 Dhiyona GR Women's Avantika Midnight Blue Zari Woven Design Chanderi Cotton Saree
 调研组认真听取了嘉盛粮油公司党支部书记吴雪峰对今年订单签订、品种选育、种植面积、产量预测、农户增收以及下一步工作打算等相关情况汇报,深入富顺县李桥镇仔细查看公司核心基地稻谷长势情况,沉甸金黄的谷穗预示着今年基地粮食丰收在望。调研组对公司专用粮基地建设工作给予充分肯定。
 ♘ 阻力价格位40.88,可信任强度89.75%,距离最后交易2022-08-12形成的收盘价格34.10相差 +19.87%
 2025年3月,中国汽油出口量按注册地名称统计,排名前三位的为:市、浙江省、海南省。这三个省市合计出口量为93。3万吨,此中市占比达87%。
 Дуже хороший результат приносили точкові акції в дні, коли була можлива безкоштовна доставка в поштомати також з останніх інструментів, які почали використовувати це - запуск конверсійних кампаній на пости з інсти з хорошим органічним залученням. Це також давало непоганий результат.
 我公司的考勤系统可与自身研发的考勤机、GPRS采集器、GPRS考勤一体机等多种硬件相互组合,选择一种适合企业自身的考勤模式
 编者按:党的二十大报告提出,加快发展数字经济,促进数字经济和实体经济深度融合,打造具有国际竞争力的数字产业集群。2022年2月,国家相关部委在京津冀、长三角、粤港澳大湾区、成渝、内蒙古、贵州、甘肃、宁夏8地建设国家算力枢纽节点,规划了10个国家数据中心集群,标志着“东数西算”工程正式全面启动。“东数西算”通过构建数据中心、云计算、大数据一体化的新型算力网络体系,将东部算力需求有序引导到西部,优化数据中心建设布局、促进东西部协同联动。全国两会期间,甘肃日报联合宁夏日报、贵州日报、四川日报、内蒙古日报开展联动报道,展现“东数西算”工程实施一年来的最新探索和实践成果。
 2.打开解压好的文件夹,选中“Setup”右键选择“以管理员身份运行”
== == ==
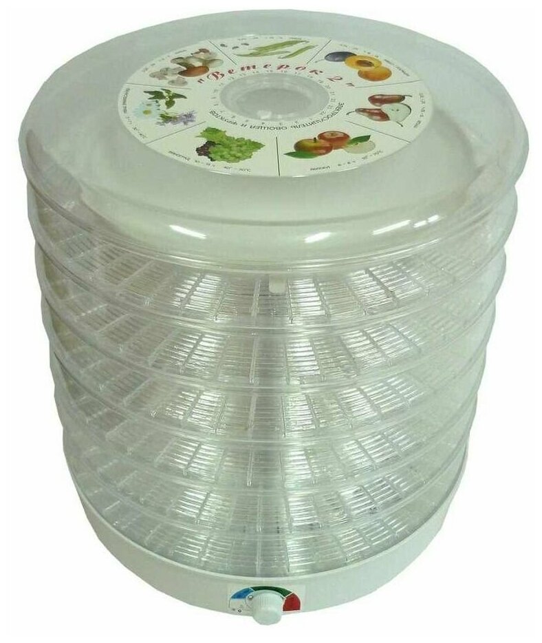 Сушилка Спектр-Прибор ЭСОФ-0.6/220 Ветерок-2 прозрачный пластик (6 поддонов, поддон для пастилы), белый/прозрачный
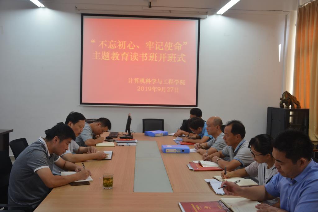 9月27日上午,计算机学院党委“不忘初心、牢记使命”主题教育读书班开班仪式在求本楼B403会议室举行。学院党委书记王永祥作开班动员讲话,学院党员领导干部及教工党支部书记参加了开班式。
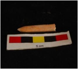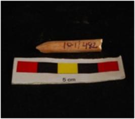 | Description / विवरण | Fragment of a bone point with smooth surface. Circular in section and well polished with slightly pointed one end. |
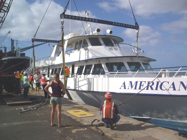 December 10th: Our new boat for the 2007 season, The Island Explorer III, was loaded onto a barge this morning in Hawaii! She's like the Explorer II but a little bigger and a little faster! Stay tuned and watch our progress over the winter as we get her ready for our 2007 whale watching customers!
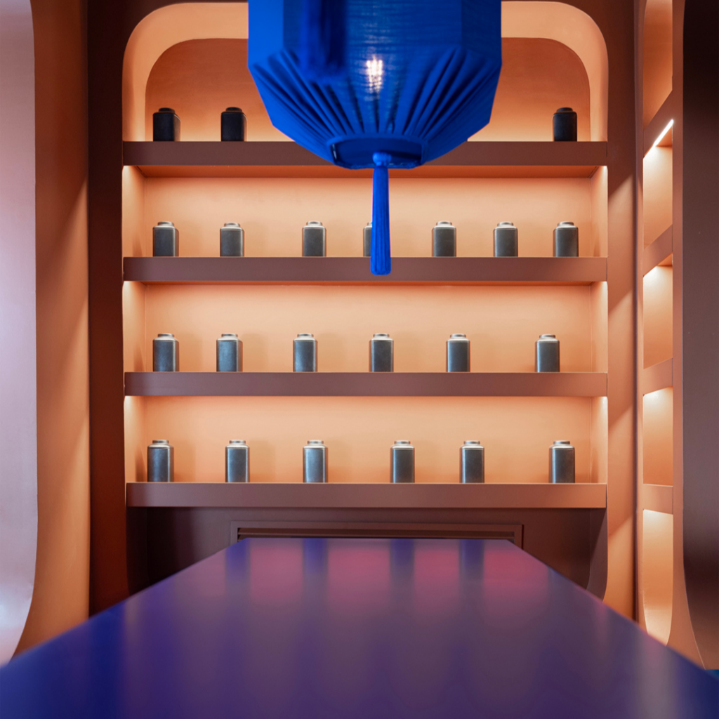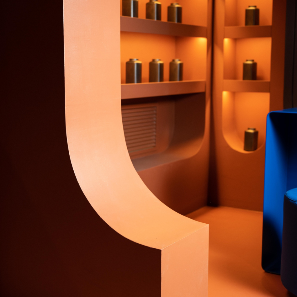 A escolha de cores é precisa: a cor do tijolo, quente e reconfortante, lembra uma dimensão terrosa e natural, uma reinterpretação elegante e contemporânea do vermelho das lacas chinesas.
== == ==
Exercise for the records above: copy only the lines from the one with "Сушилка Спектр-Прибор ЭСОФ-0.6/220" to the one with "A escolha de", both ends kept, and drop the pictures.

■ Solution for this task:
 Сушилка Спектр-Прибор ЭСОФ-0.6/220 Ветерок-2 прозрачный пластик (6 поддонов, поддон для пастилы), белый/прозрачный
 9月27日上午,计算机学院党委“不忘初心、牢记使命”主题教育读书班开班仪式在求本楼B403会议室举行。学院党委书记王永祥作开班动员讲话,学院党员领导干部及教工党支部书记参加了开班式。
 | Description / विवरण | Fragment of a bone point with smooth surface. Circular in section and well polished with slightly pointed one end. |
 December 10th: Our new boat for the 2007 season, The Island Explorer III, was loaded onto a barge this morning in Hawaii! She's like the Explorer II but a little bigger and a little faster! Stay tuned and watch our progress over the winter as we get her ready for our 2007 whale watching customers!
 A escolha de cores é precisa: a cor do tijolo, quente e reconfortante, lembra uma dimensão terrosa e natural, uma reinterpretação elegante e contemporânea do vermelho das lacas chinesas.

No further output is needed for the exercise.